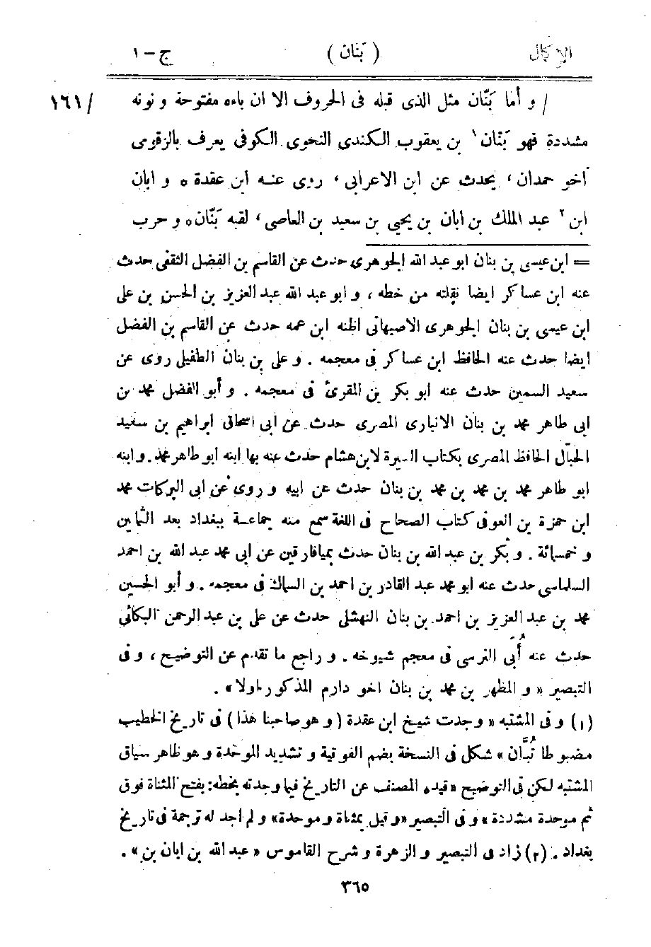1 وفي المشتبه "وجدت شيخ ابن عقدة "وهو صاحبنا هذا" في تاريخ الخطيب مضبوطا تُبَّان" شكل في النسخة بضم الفوقية وتشديد الموحدة، وهو ظاهر سياق المشتبه، لكن في التوضيح "قيده المصنف عن التاريخ فيما وجدته بخطه: بفتح المثناة فوق ثم موحدة مشددة" وفي التبصير "وقيل: بمثناة وموحدة" ولم أجد له ترجمة في تاريخ بغداد.
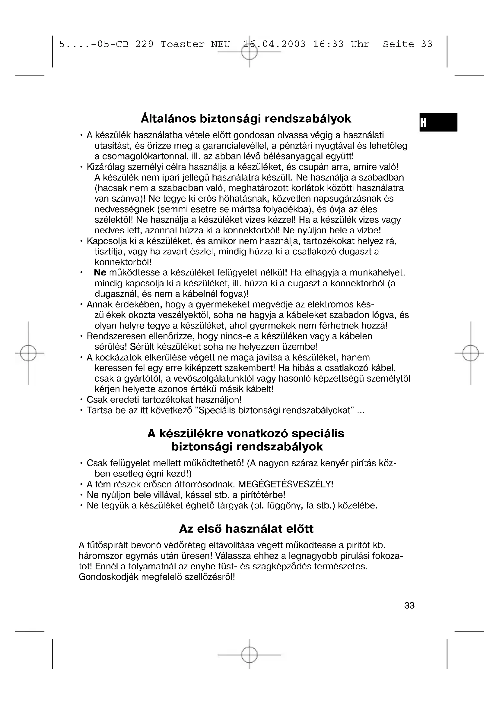 - Csak felügyelet mellett működtethető! (A nagyon száraz kenyér pirítás közben esetleg égni kezd!)
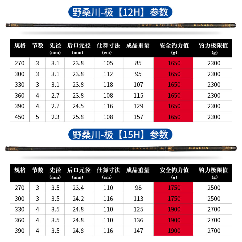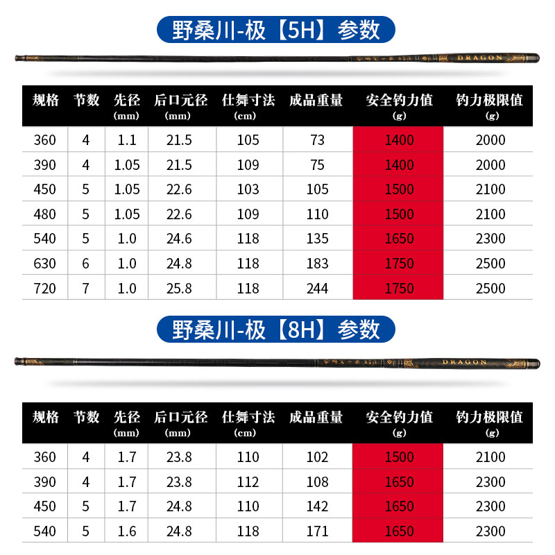 Nosangchuan-Pole 5H 3 6m Nosangchuan-Pole 5H 3 9m Nosangchuan-Pole 5H 4 5m Nosangchuan-Pole 5H 4 8m
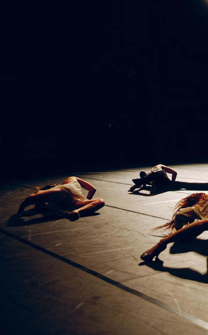 Obwohl Sinfonia Eroïca keiner klassischen Erzählung folgt, entfaltet es doch seine eigene narrative Kraft: Michèle Anne De Mey beschreibt ihr Werk selbst als „eine Reihe von choreografierten musikalischen Phrasen, die aufeinander folgen“. Kraftvoll-artistische Momente wechseln sich dabei mit melancholisch anmutenden, introspektiven und fluiden Bewegungssequenzen ab. In Begegnungen und Trennungen spiegeln sich die Beziehungen des Alltags – das Spiel von Nähe und Distanz, von Anziehung und Verlust. Nur eine Frau bleibt am Ende allein. Doch: Was bleibt von diesen Geschichten? Wie verändern sie die Menschen auf der Bühne –und jene, die zusehen?
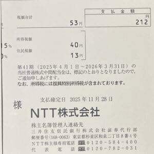NTTより配当金212円入りました。(100株)
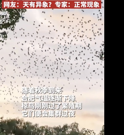 有微博网友发帖说,“昨天合肥出现两个现象,一个是疑似地震云,另一个是合肥上空现大量飞鸟。许多网友看后都担心是不是天有异象或者预示着再次地震?对此,记者请教了相关专家,专家表示,这是一种正常的椋鸟集群自然现象,市民不必恐慌。这······”
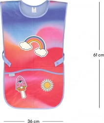 Zwei untere Taschen halten Pinsel und Buntstifte griffbereit. Ein verstellbares Nackenband und Bindebänder in der Taille sorgen dafür, dass die Schürze gut sitzt.
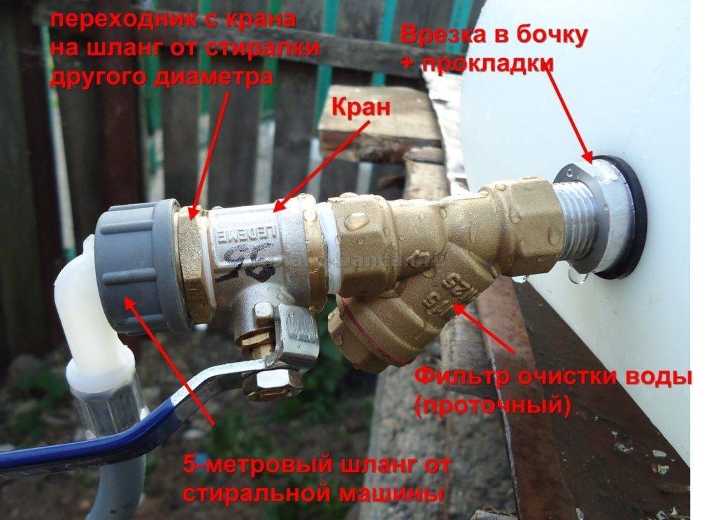 Далее, чтобы не перегружать насос, мы рекомендуем в нижнюю часть бочки врезать шаровый кран. Именно к нему и будет подключаться заборное отверстие агрегата. Патрубок, из которого под давлением будет нагнетаться вода, подключается к заливному шлангу.
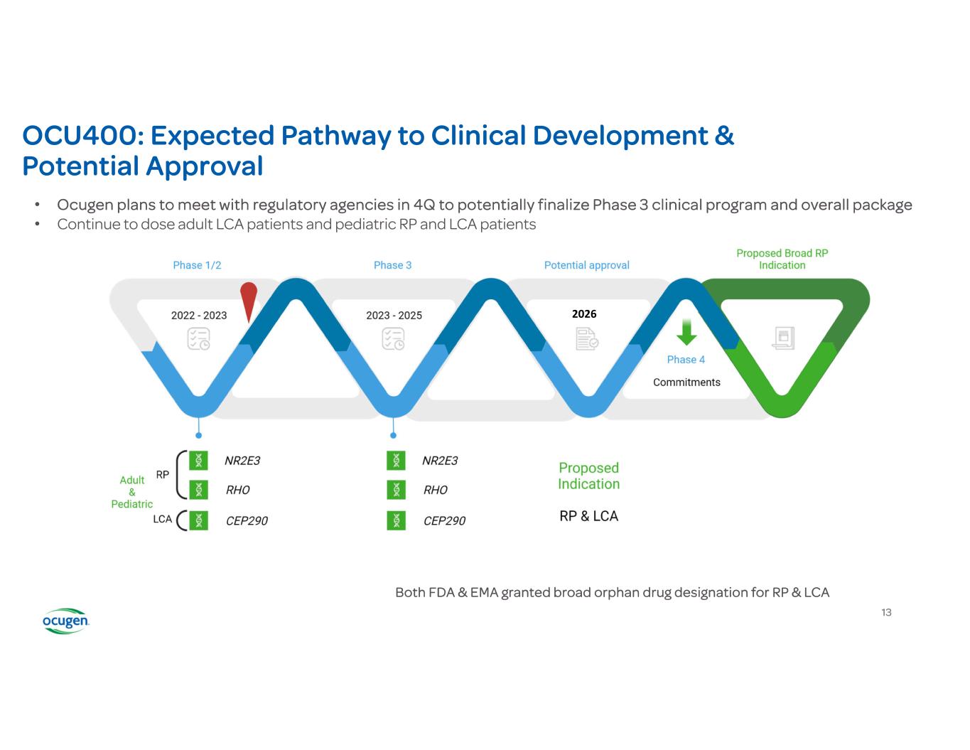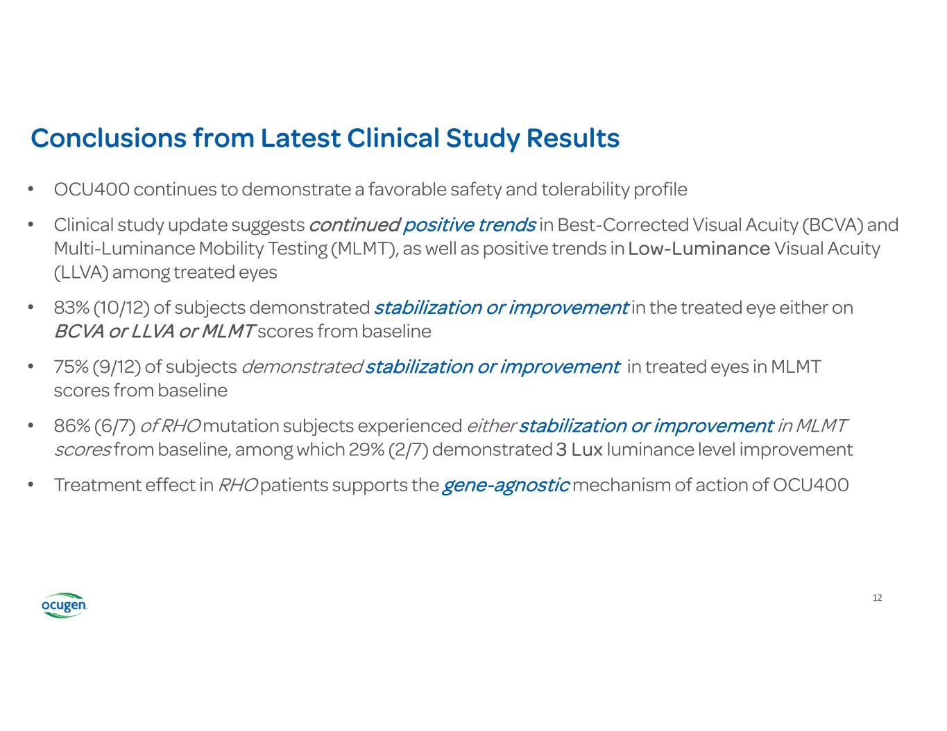 Conclusions from Latest Clinical Study Results • OCU400 continues to demonstrate a favorable safety and tolerability profile • Clinical study update suggests continued positive trends in Best-Corrected Visual Acuity (BCVA) and Multi-Luminance Mobility Testing (MLMT), as well as positive trends in Low-Luminance Visual Acuity (LLVA) among treated eyes • 83% (10/12) of subjects demonstrated stabilization or improvement in the treated eye either on BCVA or LLVA or MLMT scores from baseline • 75% (9/12) of subjects demonstrated stabilization or improvement in treated eyes in MLMT scores from baseline • 86% (6/7) of RHO mutation subjects experienced either stabilization or improvement in MLMT scores from baseline, among which 29% (2/7) demonstrated 3 Lux luminance level improvement • Treatment effect in RHO patients supports the gene-agnostic mechanism of action of OCU400 12 12
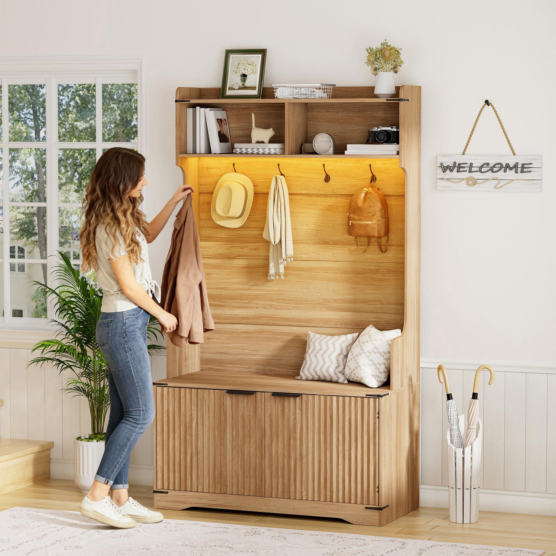 Transform your entryway with this versatile 5-in-1 hall tree that combines a coat rack, flip-up shoe cabinet, shoe changing bench, storage compartments, and adjustable LED lighting in one elegant piece of furniture.

════════════════════

* **Exercise brief**
Your reply should consist solely of the lines from the line containing "Zwei untere Taschen" through the last line of the listing, unchanged and free of pictures.

* **Task response**
 Zwei untere Taschen halten Pinsel und Buntstifte griffbereit. Ein verstellbares Nackenband und Bindebänder in der Taille sorgen dafür, dass die Schürze gut sitzt.
 Далее, чтобы не перегружать насос, мы рекомендуем в нижнюю часть бочки врезать шаровый кран. Именно к нему и будет подключаться заборное отверстие агрегата. Патрубок, из которого под давлением будет нагнетаться вода, подключается к заливному шлангу.
 Conclusions from Latest Clinical Study Results • OCU400 continues to demonstrate a favorable safety and tolerability profile • Clinical study update suggests continued positive trends in Best-Corrected Visual Acuity (BCVA) and Multi-Luminance Mobility Testing (MLMT), as well as positive trends in Low-Luminance Visual Acuity (LLVA) among treated eyes • 83% (10/12) of subjects demonstrated stabilization or improvement in the treated eye either on BCVA or LLVA or MLMT scores from baseline • 75% (9/12) of subjects demonstrated stabilization or improvement in treated eyes in MLMT scores from baseline • 86% (6/7) of RHO mutation subjects experienced either stabilization or improvement in MLMT scores from baseline, among which 29% (2/7) demonstrated 3 Lux luminance level improvement • Treatment effect in RHO patients supports the gene-agnostic mechanism of action of OCU400 12 12
 Transform your entryway with this versatile 5-in-1 hall tree that combines a coat rack, flip-up shoe cabinet, shoe changing bench, storage compartments, and adjustable LED lighting in one elegant piece of furniture.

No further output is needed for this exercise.